Objective: The aim of this paper is to describe the five strategies used to increase response rates, data quality and quantity in the TRansport Environment and Kids (TREK) project.

Setting: The TREK project examined the association between neighbourhood urban design and active transport in Grade 5–7 school children (n = 1480) attending 25 primary schools in metropolitan Perth, Western Australia during 2007.

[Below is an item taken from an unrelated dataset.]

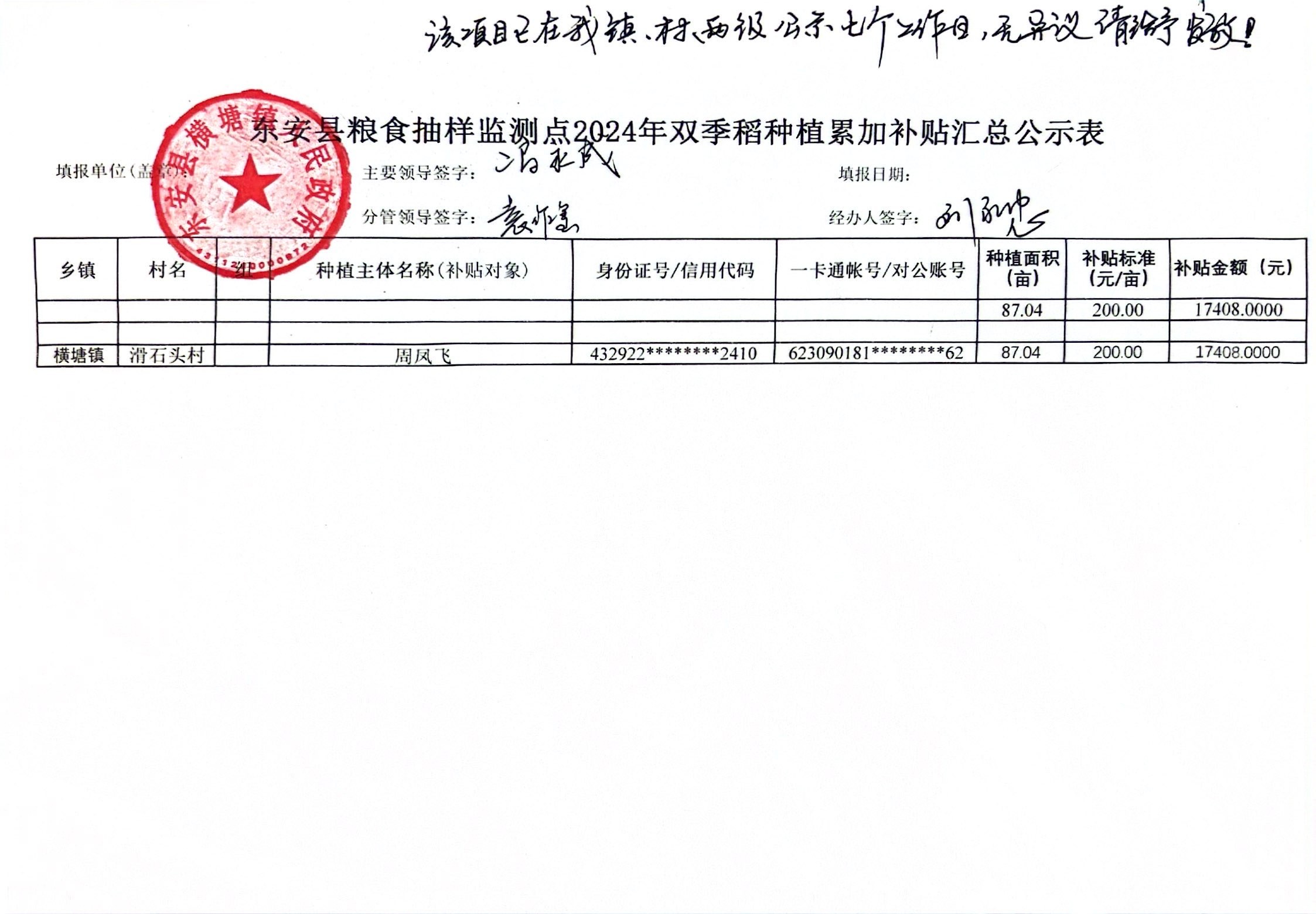 ray雷竞技官网入口横塘镇粮食抽样监测点2024年双季稻种植累加补贴汇总公示表

Method: Children completed several survey components during school time (i.e. questionnaire, mapping activity, travel diary and anthropometric measurements) and at home (i.e. pedometer study, parent questionnaire).

Results: Overall, 69.4% of schools and 56.6% of children agreed to participate in the study and, of these, 89.9% returned a completed travel diary, 97.8% returned their pedometer and 88.8% of parents returned their questionnaire. These return rates are superior to similar studies. Five strategies appeared important: (1) building positive relationships with key school personnel; (2) child-centred approaches to survey development; (3) comprehensive classroom management techniques to standardize and optimize group sessions; (4) extensive follow-up procedures for collecting survey items; and (5) a specially designed data management/monitoring system.

Conclusion: Sharing methodological approaches for obtaining high-quality data will ensure research opportunities within schools are maximized. These methodological issues have implications for planning, budgeting and implementing future research.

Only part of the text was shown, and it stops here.